* Stored entries:
=== Section Start ===

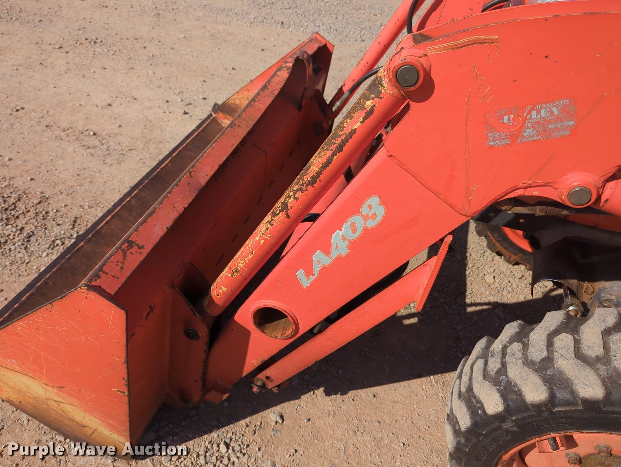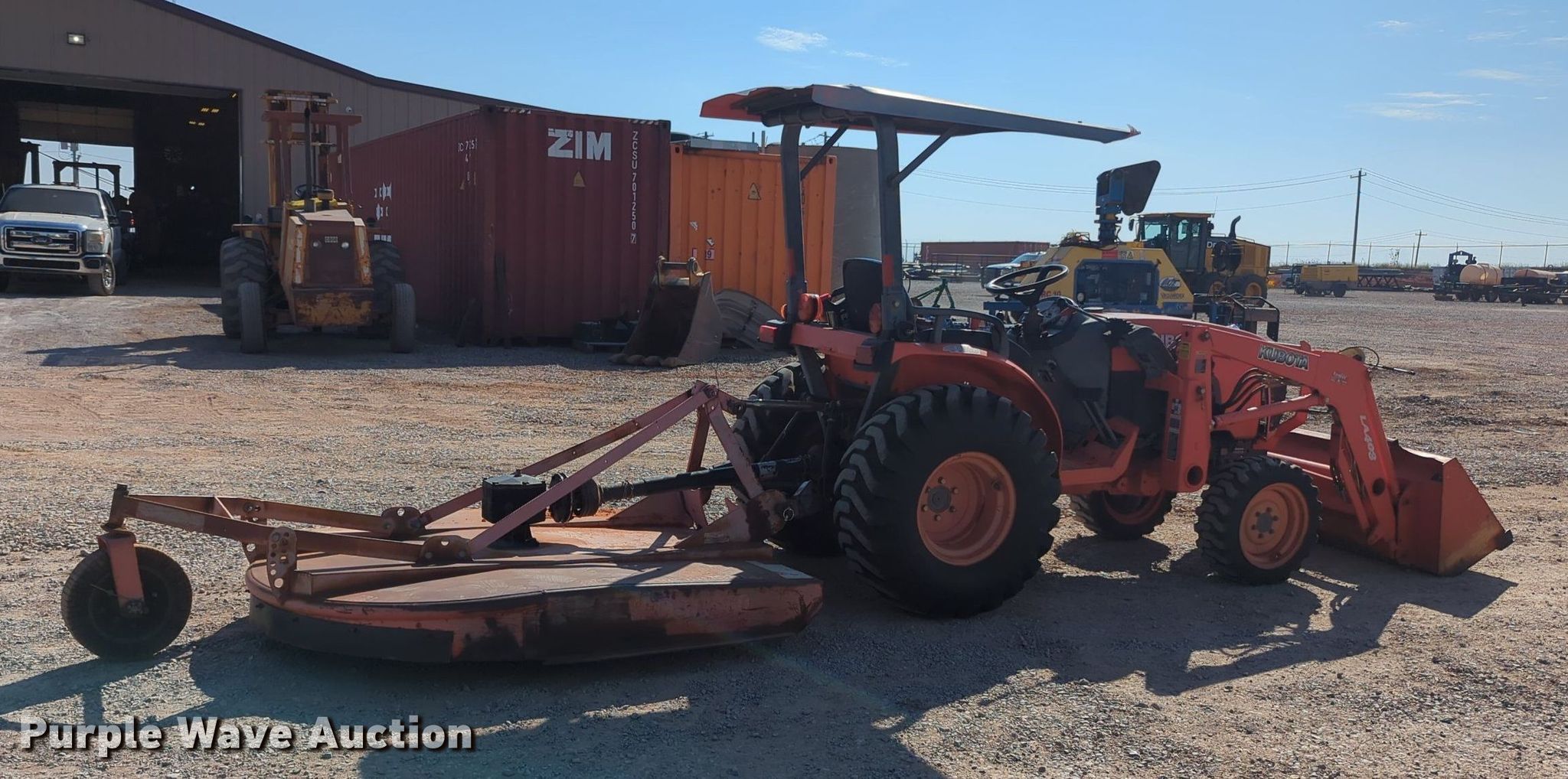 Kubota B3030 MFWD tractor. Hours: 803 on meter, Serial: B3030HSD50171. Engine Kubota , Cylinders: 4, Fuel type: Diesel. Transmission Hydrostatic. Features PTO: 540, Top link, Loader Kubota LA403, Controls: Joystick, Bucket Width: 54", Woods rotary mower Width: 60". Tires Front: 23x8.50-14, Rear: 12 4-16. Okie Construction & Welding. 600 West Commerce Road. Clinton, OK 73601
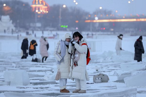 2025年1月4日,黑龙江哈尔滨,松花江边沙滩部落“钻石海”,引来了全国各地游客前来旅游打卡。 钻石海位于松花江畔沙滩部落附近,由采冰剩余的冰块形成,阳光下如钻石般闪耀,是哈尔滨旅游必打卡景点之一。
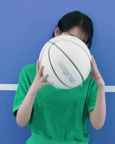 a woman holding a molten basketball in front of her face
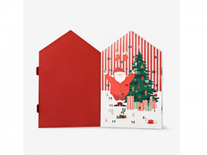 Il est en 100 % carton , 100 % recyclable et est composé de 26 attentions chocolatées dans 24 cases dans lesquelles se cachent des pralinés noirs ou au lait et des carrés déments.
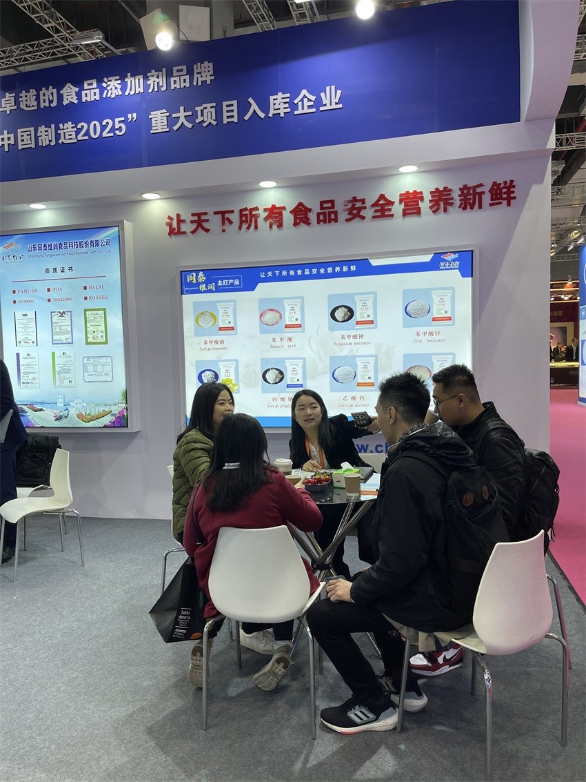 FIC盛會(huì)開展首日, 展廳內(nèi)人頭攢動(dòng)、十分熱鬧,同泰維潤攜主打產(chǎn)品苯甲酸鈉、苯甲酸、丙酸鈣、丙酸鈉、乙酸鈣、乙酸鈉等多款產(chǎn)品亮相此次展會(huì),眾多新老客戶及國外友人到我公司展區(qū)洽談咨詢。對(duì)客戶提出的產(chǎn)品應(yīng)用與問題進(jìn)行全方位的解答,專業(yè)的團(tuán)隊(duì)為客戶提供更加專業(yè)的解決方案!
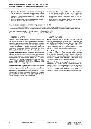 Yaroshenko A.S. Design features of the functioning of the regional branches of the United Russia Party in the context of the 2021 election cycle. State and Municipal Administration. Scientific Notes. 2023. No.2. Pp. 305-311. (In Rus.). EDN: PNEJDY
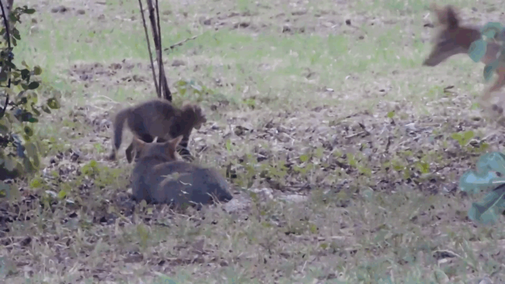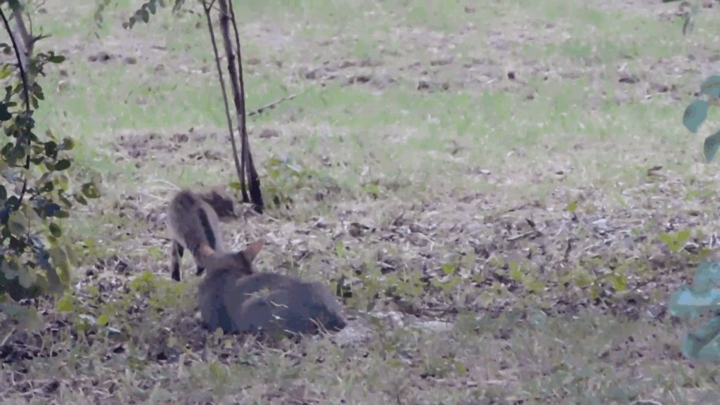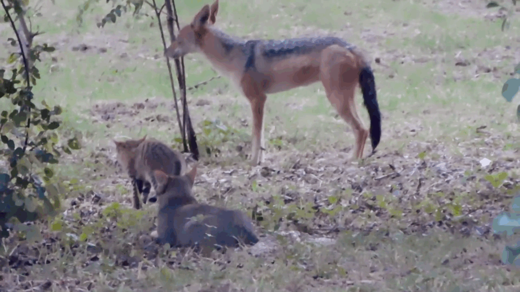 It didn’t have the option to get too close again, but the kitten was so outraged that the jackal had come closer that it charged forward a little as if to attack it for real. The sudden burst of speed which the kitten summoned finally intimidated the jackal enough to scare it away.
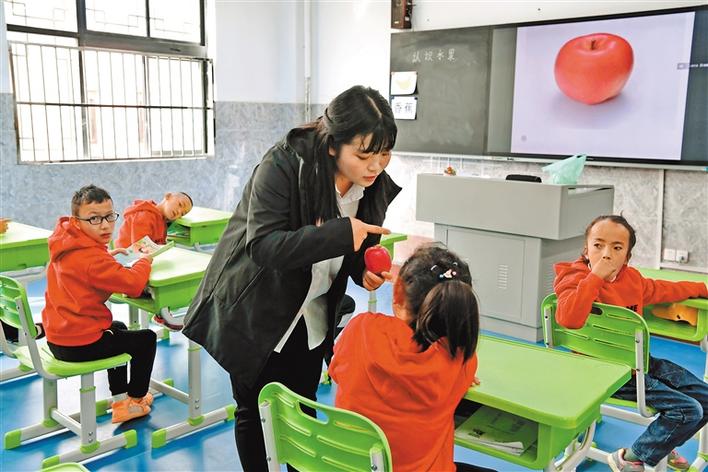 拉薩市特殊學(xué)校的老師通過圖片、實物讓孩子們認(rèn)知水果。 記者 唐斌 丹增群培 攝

=== Section End ===

* Brief:
Write out the entries word for word. Skip the pictures.

* Task response:
 Kubota B3030 MFWD tractor. Hours: 803 on meter, Serial: B3030HSD50171. Engine Kubota , Cylinders: 4, Fuel type: Diesel. Transmission Hydrostatic. Features PTO: 540, Top link, Loader Kubota LA403, Controls: Joystick, Bucket Width: 54", Woods rotary mower Width: 60". Tires Front: 23x8.50-14, Rear: 12 4-16. Okie Construction & Welding. 600 West Commerce Road. Clinton, OK 73601
 2025年1月4日,黑龙江哈尔滨,松花江边沙滩部落“钻石海”,引来了全国各地游客前来旅游打卡。 钻石海位于松花江畔沙滩部落附近,由采冰剩余的冰块形成,阳光下如钻石般闪耀,是哈尔滨旅游必打卡景点之一。
 a woman holding a molten basketball in front of her face
 Il est en 100 % carton , 100 % recyclable et est composé de 26 attentions chocolatées dans 24 cases dans lesquelles se cachent des pralinés noirs ou au lait et des carrés déments.
 FIC盛會(huì)開展首日, 展廳內(nèi)人頭攢動(dòng)、十分熱鬧,同泰維潤攜主打產(chǎn)品苯甲酸鈉、苯甲酸、丙酸鈣、丙酸鈉、乙酸鈣、乙酸鈉等多款產(chǎn)品亮相此次展會(huì),眾多新老客戶及國外友人到我公司展區(qū)洽談咨詢。對(duì)客戶提出的產(chǎn)品應(yīng)用與問題進(jìn)行全方位的解答,專業(yè)的團(tuán)隊(duì)為客戶提供更加專業(yè)的解決方案!
 Yaroshenko A.S. Design features of the functioning of the regional branches of the United Russia Party in the context of the 2021 election cycle. State and Municipal Administration. Scientific Notes. 2023. No.2. Pp. 305-311. (In Rus.). EDN: PNEJDY
 It didn’t have the option to get too close again, but the kitten was so outraged that the jackal had come closer that it charged forward a little as if to attack it for real. The sudden burst of speed which the kitten summoned finally intimidated the jackal enough to scare it away.
 拉薩市特殊學(xué)校的老師通過圖片、實物讓孩子們認(rèn)知水果。 記者 唐斌 丹增群培 攝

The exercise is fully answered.